Fuzzing and Symbolic Execution

Fuzzing and Symbolic Execution

Fuzzing and symbolic execution are automated techniques for finding bugs in software. In the malware analysis context, they are useful for:

Finding vulnerabilities that malware exploits
Identifying backdoor trigger conditions (inputs that cause unusual behavior)
Determining binary equivalence across metamorphic malware variants
Automatically testing unpacked samples for crash-worthy inputs

Common C Vulnerabilities

Before fuzzing, you need to know what you’re looking for. These are the most common classes of memory corruption bugs.

Buffer / Stack Overflow

Writing beyond the end of a fixed-size buffer. If the buffer is on the stack, the saved return address can be overwritten.

char password[9];
scanf("%s", password);   // no length limit — input longer than 8 chars overflows

Array Out-of-Bounds

Using an index that falls outside the allocated range. Off-by-one errors are the classic source.

int a[10];
a[10] = 0;   // writes one past the end of the array

Failure to Null-Terminate

strcat, sprintf, and similar functions assume a null-terminated destination. If the source fills the buffer exactly, the null is written past the end.

char buf[8];
read(STDIN_FILENO, buf, 8);   // fills buf with no null terminator
strcat(dest, buf);             // reads past end of buf

Format String

Passing user input directly as a printf format string allows reading (and writing) arbitrary memory.

printf(argv[1]);           // BAD
printf("%s", argv[1]);     // GOOD

%x dumps stack words. %n writes the number of bytes printed so far to a pointer argument — classic write primitive.

Use-After-Free

Using a pointer after the memory it points to has been freed. Common in browsers and complex data structure code.

char *p = malloc(16);
free(p);
printf("%s\n", p);    // undefined behavior — p may point to recycled memory

Fuzzing

Fuzzing (fuzz testing) generates large numbers of inputs and watches for crashes, hangs, or unexpected behavior.

Black-Box vs. White-Box

Black-box: treats the program as opaque, generates random or mutation-based inputs. Simple but inefficient; unlikely to reach deeply nested code paths.
White-box (coverage-guided): instruments the binary to track which code paths are hit. Uses that feedback to evolve inputs that reach new code. Far more efficient.

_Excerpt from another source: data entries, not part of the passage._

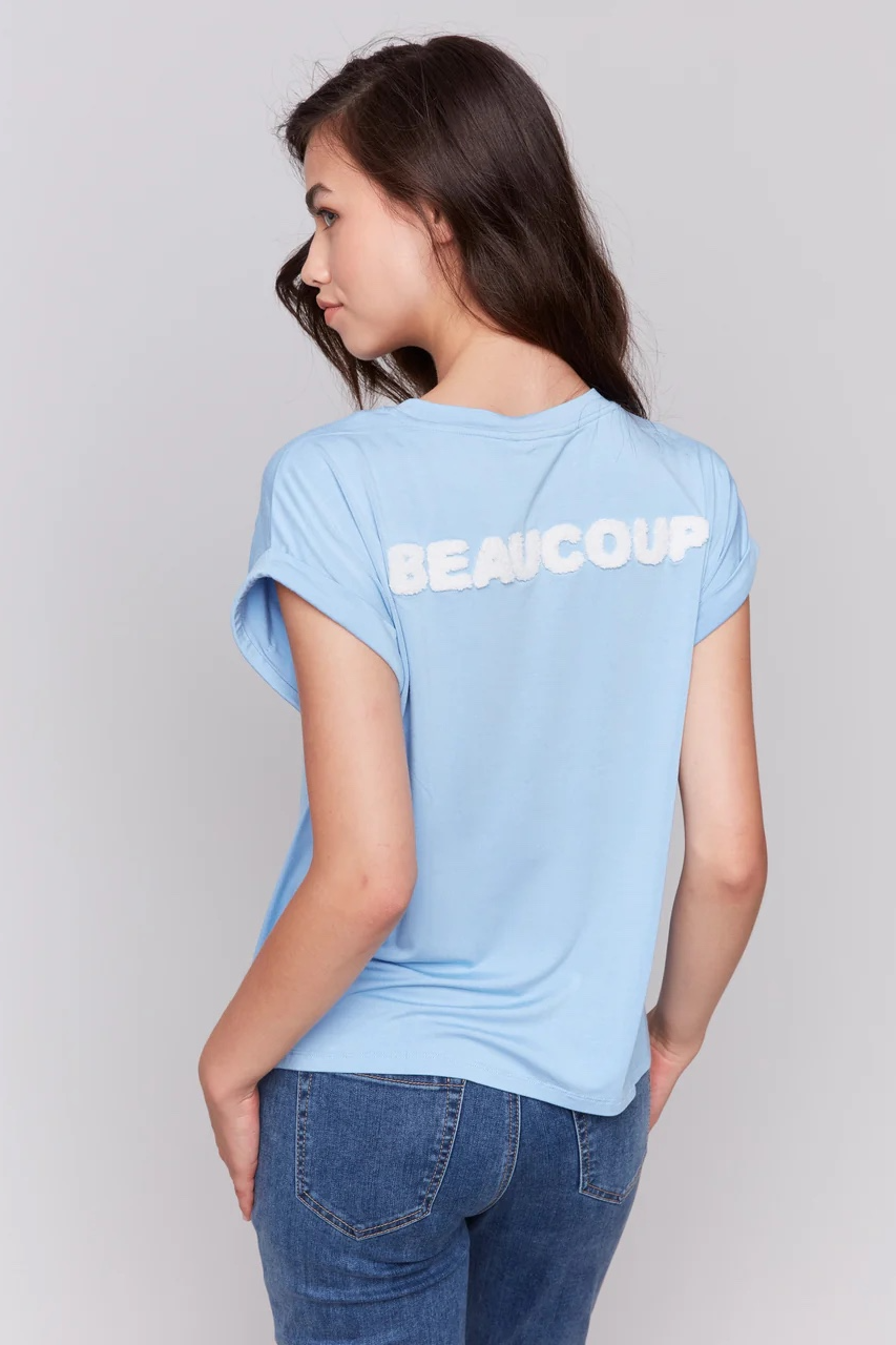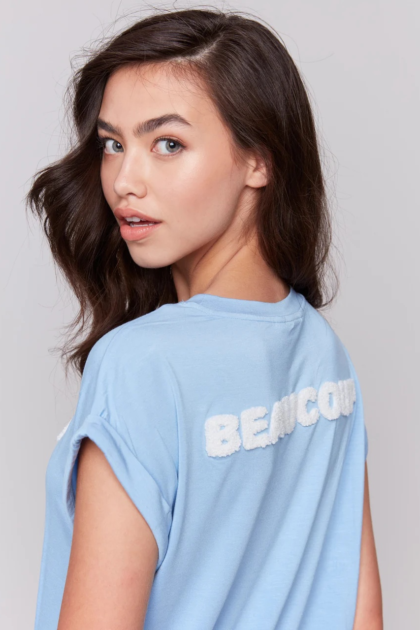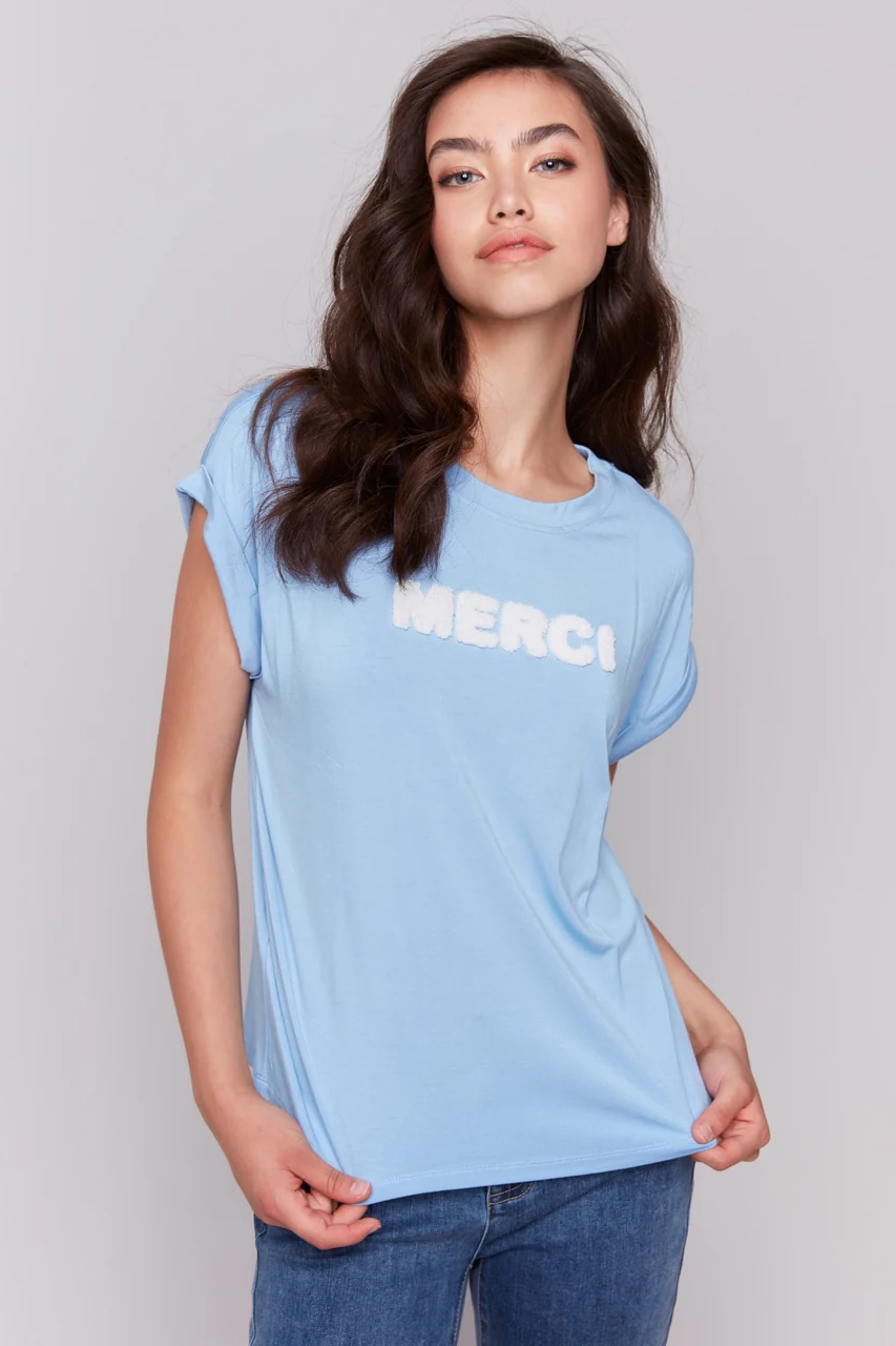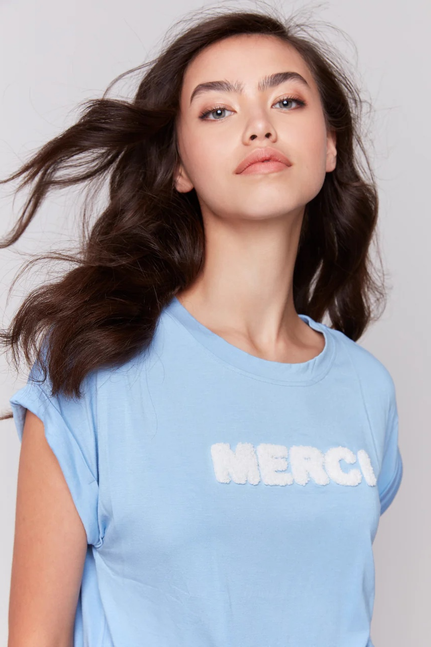 Meet your laid-back essential, the appliqué 'MERCI' soft touch blue T-shirt. Short sleeves with a relaxed drop shoulder design make it a cozy companion for warm summer days. This comfy t-shirt also features rolled cuffs, adding a touch of flair to any casual outfit.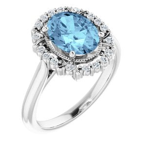 71977 / Set / 14K Blanc / Aigue-Marine / Ovale / 9X7 Mm / Poli / Véritable Aigue-Marine Et Bague Diamant 1/6 Ct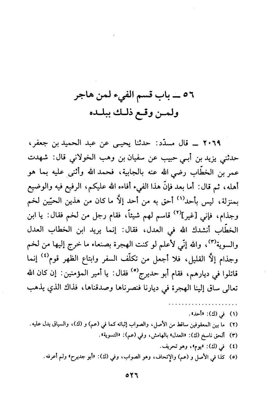 2069 - قَالَ مُسَدَّدٌ حَدَّثَنَا يَحْيَى عَنْ عَبْدِ الْحَمِيدِ بْنِ جَعْفَرٍ حَدَّثَنِي يَزِيدُ بْنُ أَبِي حَبِيبٍ عَنْ سُفْيَانَ بْنِ وهب الخولاني قا شَهِدْتُ عُمَرَ بْنِ الْخَطَّابِ رَضِيَ الله عَنْه بِالْجَابِيَةِ فَحَمِدَ اللَّهَ وَأَثْنَى عَلَيْهِ بِمَا هُوَ أَهْلُهُ ثُمَّ قَالَ أَمَّا بَعْدُ فَإِنَّ §هَذَا الْفَيْءَ أَفَاءَهُ اللَّهُ عَلَيْكُمْ الرَّفِيعُ فِيهِ وَالْوَضِيعُ بِمَنْزِلَةٍ لَيْسَ بِأَحَدٍ أَحَقَّ بِهِ مِنْ أَحَدٍ إِلَّا مَا كَانَ مِنْ هَذَيْنِ الْحَيَّيْنِ لَخْمٍ وَجِذَامٍ فَإِنِّي غَيْرُ قَاسِمٍ لَهُمْ شَيْئًا فَقَامَ رَجُلٌ مِنْ لَخْمٍ فَقَالَ يَا ابْنَ الْخَطَّابِ أَنْشُدُكَ اللَّهَ فِي الْعَدْلِ فَقَالَ إِنَّمَا يُرِيدُ ابْنُ الْخَطَّابِ الْعَدْلَ وَالسَّوِيَّةَ وَاللَّهِ إِنِّي لأعلم لو كنت الْهِجْرَةُ بِصَنْعَاءَ مَا خَرَجَ إِلَيْهَا مِنْ لَخْمِ وَجِذَامٍ إِلَّا الْقَلِيلُ فَلَا أَجْعَلُ مَنْ تَكَلَّفَ السَّفَرَ وَابْتَاعَ الظَّهْرَ قَوْمٍ إِنَّمَا قَاتَلُوا فِي دِيَارِهِمْ فَقَامَ أَبُو حُدَيْرِجٍ فَقَالَ يَا أَمِيرَ الْمُؤْمِنِينَ إِنْ كَانَ اللَّهُ تَعَالَى سَاقَ إِلَيْنَا الْهِجْرَةَ فِي دِيَارِنَا فَنَصَرْنَاهَا وَصَدَّقْنَاهَا فَذَاكَ الَّذِي يُذْهِبُ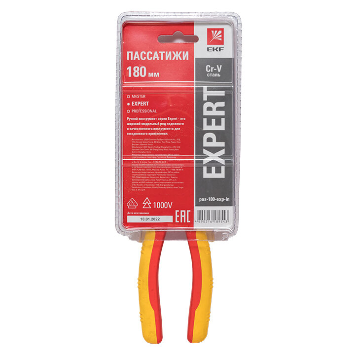 pas-180-exp-in Пассатижи Expert 180 мм 1000В PROxima Упаковка (5 шт.) EKF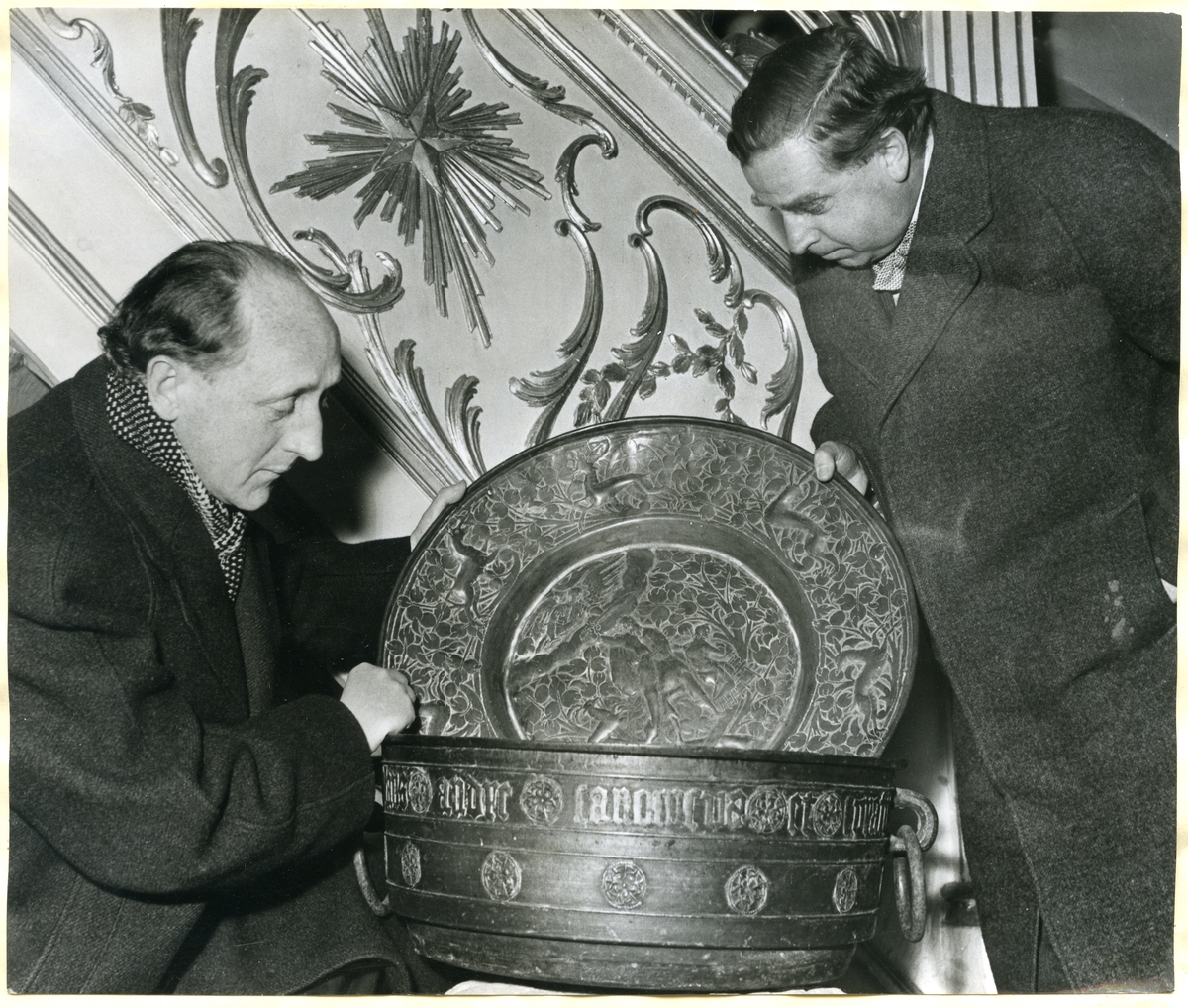 Björksta sn, intendent Drakenberg vid dopfunt i kyrkan.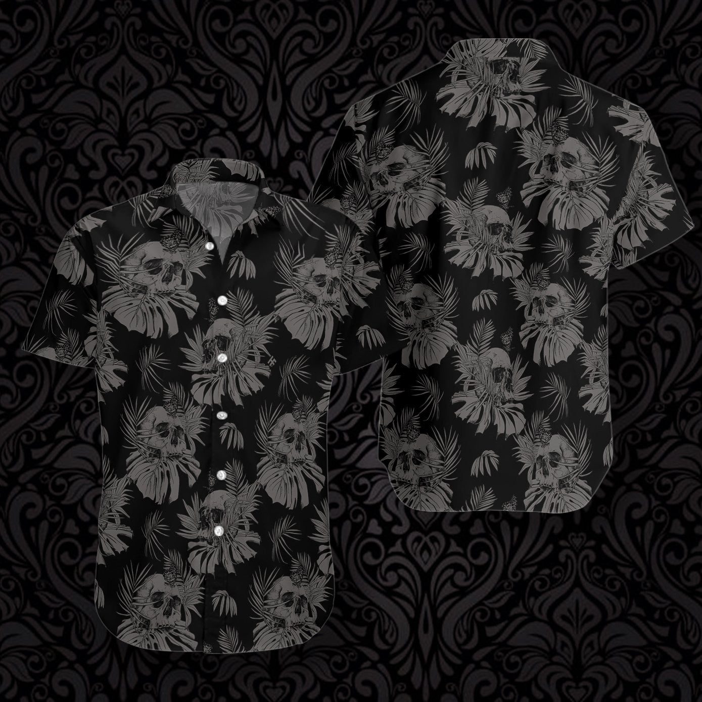 Skull Gotach Gan uaim Idéalach Le Goth Féileacán Dearadh Léine Haváís, Bronntanas Léine Haváís, Bronntanas Nollag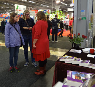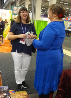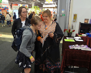 Anna-Karin träffade jag på båtturen under torsdagskvällen. Hon lovade att komma till bokmässan och höll sitt löfte. Kärt återseende och nu är vi vänner på Facebook.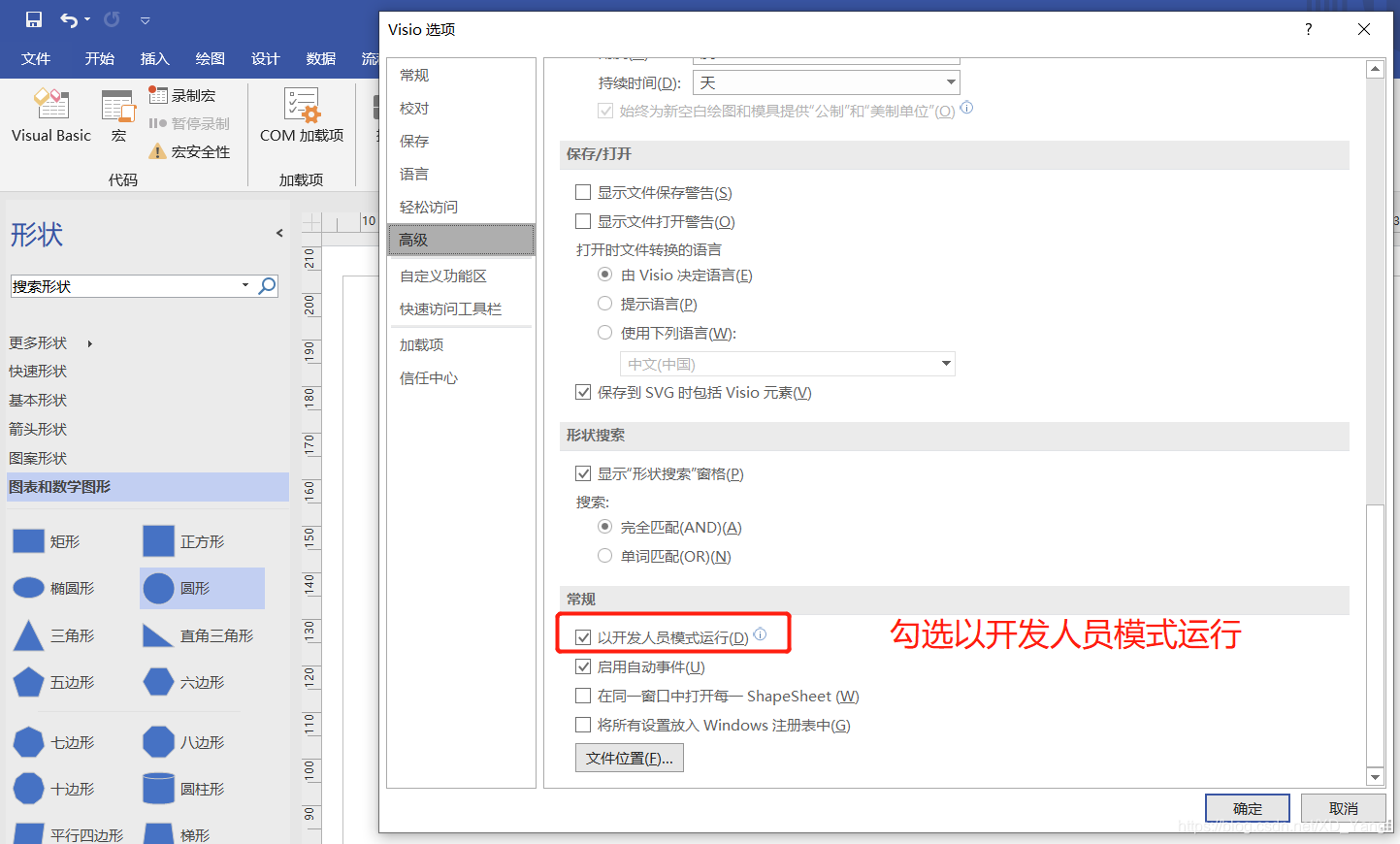 接下来,需要开启一个开发人员模式。点击菜单栏的文件,然后点击选项,会弹出下图中的Visio选项对话框。然后下拉,找到以开发人员模式运行,并将其勾选,点击确定退出。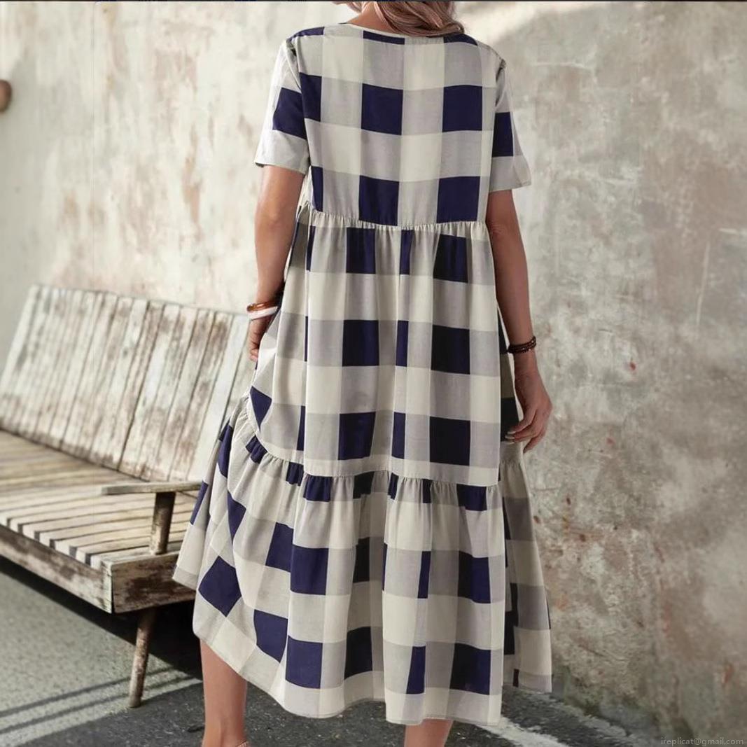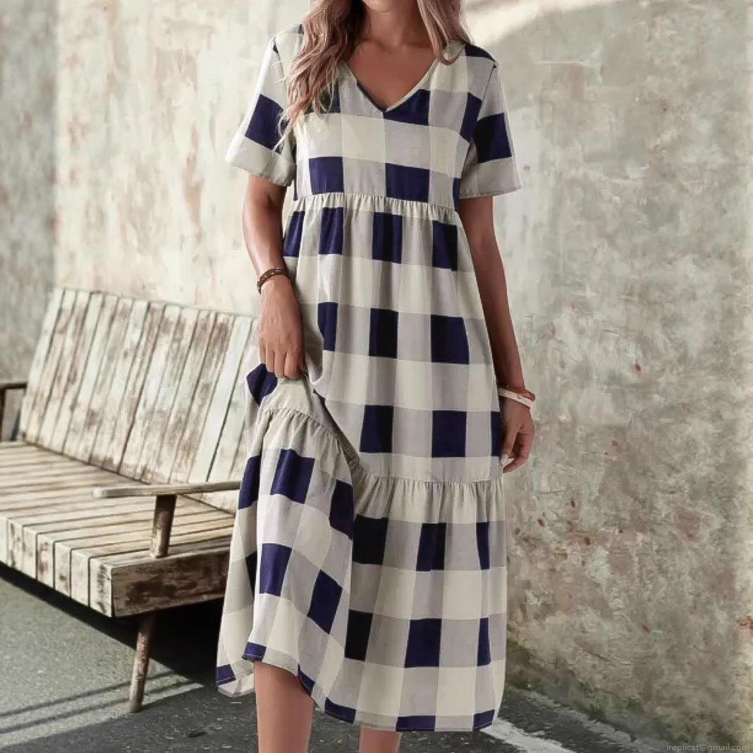 • Women's Plaid Maxi Dress V Neck Short Sleeve Polyester Spandex Milk Silk Fabric Boho Summer Beach Vacation Gingham Check Printed Loose Fit Plus Size Dress

American Fuzzy Lop (AFL++)

AFL++ is the standard coverage-guided fuzzer. It instruments the target at compile time to measure branch coverage, then uses a genetic algorithm to mutate inputs toward unexplored branches.

Compile the target with AFL instrumentation:

$ CC=afl-cc CXX=afl-c++ ./configure
$ make
# or for a single file:
$ afl-cc -o target vulnerable.c

Create a seed corpus — a directory of small, valid inputs:

$ mkdir inputs
$ echo "test" > inputs/seed1

Run the fuzzer:

$ afl-fuzz -i inputs -o out ./target

AFL++ displays a live dashboard showing:

cycles done — how many times it has processed the entire queue
total paths — number of distinct code paths discovered
uniq crashes — number of unique crash-inducing inputs found
uniq hangs — inputs that cause the program to hang

Crashes are saved in out/default/crashes/. Each file in that directory is an input that caused the program to crash — start triage there.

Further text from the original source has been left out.